Joriki (talk) 15:13, 9 January 2008 (UTC)
- Given Euclid's first four postulates as a base, Playfair's axiom is equivalent to the conjunction of Euclid's parallel postulate and its converse. I think those that claim that Playfair's axiom is equivalent to Euclid's parallel postulate are either:
- using as a base Euclid's first four postulates plus his unstated assumption (see the converse section)
- confusing Euclid's parallel postulate with some other formulation
- misreading the "if" in Euclid's parallel postulate as "if and only if".
- That said, Euclid also uses unfounded assumptions in propositions 1 and 4; I'm not sure OTTOMH how much of it depends on these. -- Smjg (talk) 22:01, 24 October 2008 (UTC)
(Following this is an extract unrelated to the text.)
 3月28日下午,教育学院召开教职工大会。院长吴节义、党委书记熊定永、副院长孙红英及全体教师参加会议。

- When you say Euclid uses unfounded assumptions, one thing you have to watch out for is that he never intended the list of five postulates to be exhaustive. They were more like a "greatest hits" list or a FAQ. There are places later on in the Elements where he essentially says, "Okay, here's this other fact that I need to bring in for this proof. It's not on my original list, but it's obvious that it's true. I just didn't list it before because it's so obvious." Re the distinction between the parallel postulate and its converse, this all depends on the question of whether two distinct lines can have two points in common (Parallel_postulate#Converse_of_Euclid.27s_parallel_postulate), which I think is logically equivalent to the question of whether two distinct lines can have a common segment (since the segment joining the two points is implicitly unique according to postulate 1). Heath gives a long discussion of this topic, pp. 196-199. His interpretation is that all the constructions referred to in the postulates are implicitly unique, and therefore postulate 2 (extending a line) does imply that distinct lines can't have a common segment. However, "This [...] assumption is not appealed to by Euclid until XI.I.")--76.167.77.165 (talk) 17:03, 27 February 2009 (UTC)
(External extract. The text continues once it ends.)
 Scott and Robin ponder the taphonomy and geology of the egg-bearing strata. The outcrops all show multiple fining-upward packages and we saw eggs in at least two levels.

Two remarks: 1. Playfair's axiom is a proposition already considered by Proclus 2. the discussion about elliptic geometry is based on a misconception -it confuses spherical geometry with elliptic geometry. 193.50.42.4 (talk) 15:50, 24 October 2008 (UTC)Alain Gen
- Confuses spherical geometry with elliptic geometry in what way? -- Smjg (talk) 22:01, 24 October 2008 (UTC)
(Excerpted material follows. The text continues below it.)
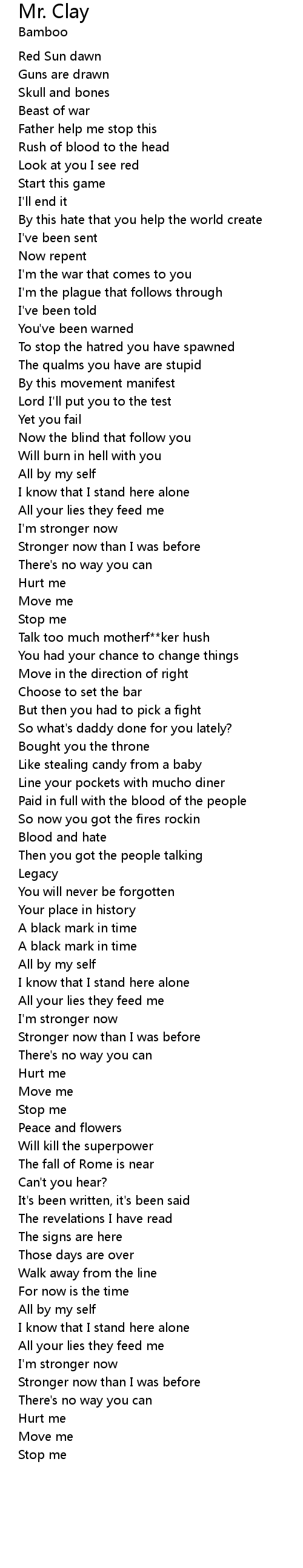 Stronger now than I was before |

Sorry, I didn't answer immediately. Elliptic geometry is what you get from spherical geometry when the antipodal points get identified. In this way, the "other point" in the text is in fact the same point --there can't be two distict straight line through two distinct points (and in spherical geometry those two points are antipodal). By the way, when you identify a point with its antipodal, the quotient manifold that you get is not orientable and so the very formulation of the parallel axiom makes no sense.
"using as a base Euclid's first four postulates plus his unstated assumption":
it is the usual meaning of "equivalent" (implicitely, equivalent when the other axioms are assumed).
193.50.42.3 (talk) 13:27, 3 November 2008 (UTC)Alain Gen
Summarizing some of the points I made above, I think the upshot of all this is that you can't really get absolute geometry from postulates 1-4 as stated by Euclid, simply omitting 5. Euclid's intended interpretation of postulates 2 and 3 is quite strong, implying that distinct lines can't have more than one point in common and that space is limitless in extent, in the sense that figures can be scaled up arbitrarily. This isn't consistent with elliptic geometry. Therefore I don't think it's really meaningful to try to prove definitively whether Playfair is exactly equivalent to the parallel postulate. Their equivalence or lack of equivalence is something that can only really be meaningfully determined in an axiomatic system hasn't got the assumption of flatness of space sprinkled all over it.--76.167.77.165 (talk) 17:03, 27 February 2009 (UTC)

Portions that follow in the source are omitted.